Here’s a short video of how this exercise may look during the first few seconds of trying it. Notice how my dog Lulu tries to get at the treat and quickly backs down. Also notice that on my last attempt I have my hand open with the treat securely held which in turn makes her try harder at getting to it. The second she backs down, I deliver the goods.

 

 

This Post Has 4 Comments
  1. I love your site! I have an 18-month-old Cocker Spaniel and seem to spend my life yelling ‘Leave it!’ to no avail. Going to try this technique and see if that makes a difference:)

  2. Armando,
    I’m interested how to translate this into other objects the dog already has possession of. My unruly Poodle likes to grab things in an attempt to make us chase her around the house.
    She is great at ‘leave it’ like in the video, but in when she wants to be chased, leave it will not work. I’m worried she will choke on something. I’ve tried yelling, cornering her, and tempting her with treats, but I don’t want to have to punish her, or ‘reward’ her either.

    1. Hey Emma!
      So it sounds as if your Poodle has made a game of it and she’s taught you how to play it whenever she wants. She’s built up an association between the item, your reaction to it, and what follows after. Meaning, she grabs item, you give chase, she has a great time.
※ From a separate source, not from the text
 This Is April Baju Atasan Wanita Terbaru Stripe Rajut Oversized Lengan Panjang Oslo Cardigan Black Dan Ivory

      The first thing I suggest is, Do Not Chase. This is what she wants and what she has come to expect. Be consistent in this. If you refuse to chase for a week and then one day you accidently chase her, she will simply continue to play the game in the hopes that you will eventually play along.

      Some management is called for here. If you’re concerned that she may choke on something then you may want to begin removing any risky type items from areas where she’ll have access to them. Think of it as baby proofing the house. You’re wise to not want to corner her or punish her. That approach may backfire, and it’s just plain cruel.
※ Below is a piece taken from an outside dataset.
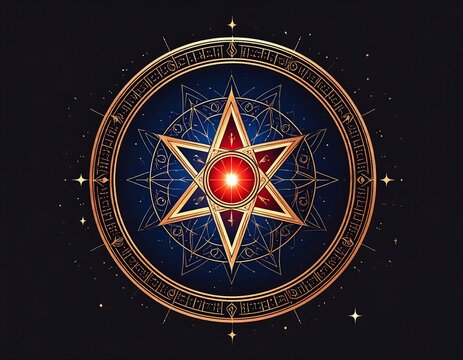 Ornate golden starburst design, surrounded by celestial elements, glowing

      You’re on the right track when you try to tempt her with treats. Although it sounds as if you’re frustrated and you may be feeling it doesn’t work continue to stick with it. Sometimes all a technique or approach needs is a few tweaks and modifications to make it work for you.

      Have something available that she truly loves. This could be a toy or a high value food (chicken, liver, hot dogs, etc.) that you only dish out during times like these. Work on getting her to readily exchange the item you want her to leave with the good stuff you’re offering. What you have for her should always be far better than what she’s holding onto. You may even want to work on her letting go of items with this high value food before you have a situation where she wants you to chase her. In this manner, when she does play the game you have already created a positive association with letting go of the item.

      When you do this be mindful not to rush her, crowd over her, yell, or chase her. It should be a simple, matter-of-fact exchange.

      With time and some effort you can make this work. Good luck.